40. Data does not have feelings
I’m a weird guy, I’m totally outside of the center of the gauss curve. Because of that I usually need to speak to people on the phone to explain some things because automatic systems consider I’m a high risk kind of person.
To be honest, that’s a small problem compared with people being rejected in job applications, having issues with access to basic stuff like a doctor or credit just because their religion, skin tone, gender and many other personal things.
I feel shame of our industry when I see how privacy is not by default, how we code recommendation systems that optimize reveneu at all costs rather than trying to show the best content. Don’t want to mention when we try to modify what poeple vote spreading hate and lies.

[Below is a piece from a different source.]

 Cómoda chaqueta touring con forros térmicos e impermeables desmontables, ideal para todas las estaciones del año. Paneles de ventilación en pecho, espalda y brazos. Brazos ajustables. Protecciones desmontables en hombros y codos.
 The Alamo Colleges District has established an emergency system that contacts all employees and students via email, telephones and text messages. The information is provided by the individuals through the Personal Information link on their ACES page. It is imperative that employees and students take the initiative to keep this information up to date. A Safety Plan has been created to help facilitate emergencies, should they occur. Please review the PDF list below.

I’ve been really lucky of working in companies like CARTO where they didn’t work with oil&gas indsutry or military or BBVA where protecting user data was in the company culture. I love how wikipedia works with user data and I think this is the way.
We, as developer, data engineers, data scientist, product managers and in the end, people, should be respectful and treat user data as it was any other personal belonging and avoid cacusing any harm because we decided to get every single fucking penny.
“We just code, it’s not our fault”, yes, it is.
Remember, behing all of those bytes there are people, and data does not have feelings but people do, so sometimes we just need to keep the data out and just listen and watch with our human eyes.
Thanks everybody for reading so far, I hope you enjoyed this as much I did writing it.